I’ve got an assignment to use a lambda function in agg to aggregate an imported dataframe returning the number of rows with a value greater than 1.5. So far I have the following, but I don’t think its exactly what I’m supposed to pull and further so, it doesn’t have the built in function.
print(df.iloc[:,:-1].agg([lambda x : [i for i in x if i> 1.5]]))
Throughout the DataFrame or per column?
Your attempt is pretty close if your want it per column. Your lambda should be
lambda x: len([i for i in x if i > 1.5]).
However, I don’t understand why the assignment says to use
agg. It’s typically used for applying multiple independent operations to a DataFrame and aggregating the results. If all you want is a single result (“number of rows containing a value greater than 1.5”)
apply is a better choice.
Thank you very much. It is a training exercise mostly learning to work with agg . That’s why its asking for it specifically.

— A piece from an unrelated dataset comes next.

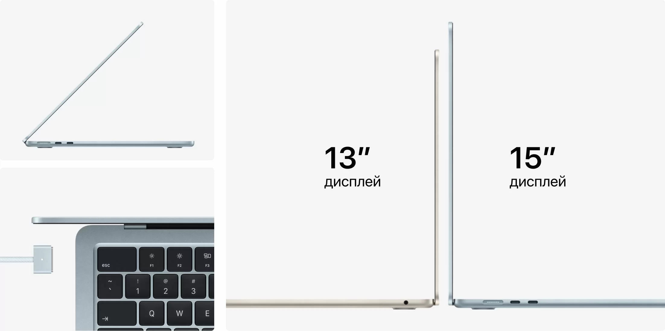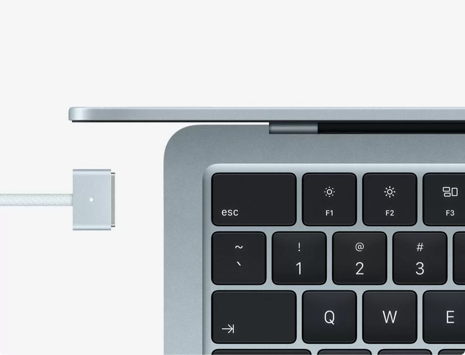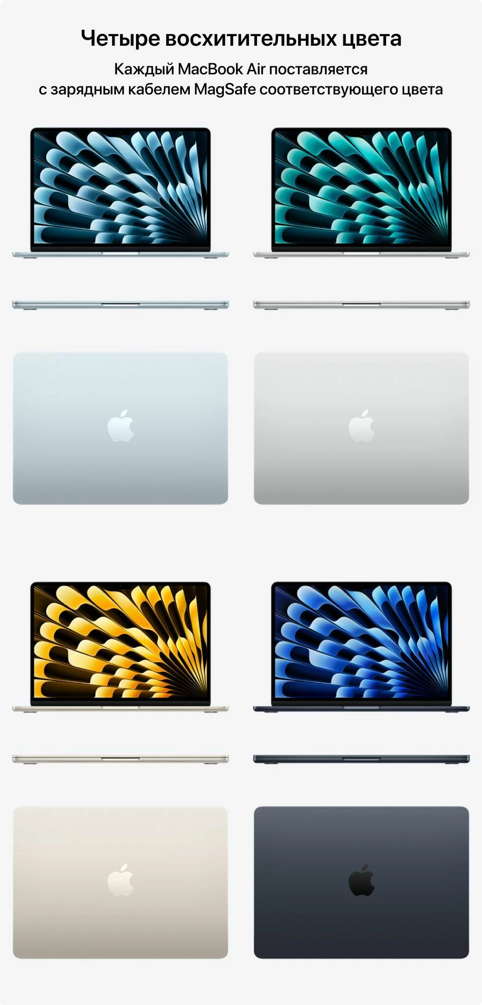 Четыре цвета на выбор — Sky Blue, Silver, Starlight и Midnight. Каждый MacBook Air поставляется с кабелем MagSafe в тон корпусу.
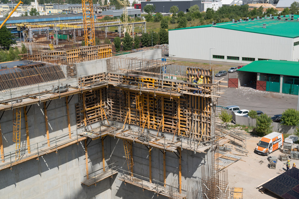 El bunker, la instalación más importante de la planta, tiene 45 m de altura, de los que 12 son subterráneos. Las primeras labores de cimbrado se han llevado a cabo en la losa de fundación con paneles ligeros COMAIN.

The question is written as follows:
Aggregate the dataframe to show the number of rows greater than 1.5 in each columb using a lambda expresion in agg(), and built in functions.
If you read it as “show, for each column, the number of rows where …”, then @abessman’s suggestion works very nicely.
If you want to count the number of rows where all columns need to be > 1.5 then it can be simplified:
0 2 3
1 2 3
2 2 3
3 1 2
4 1 2
5 0 1
6 0 1
>>> sum(df.agg(lambda row: all(row > 1.5), axis=1))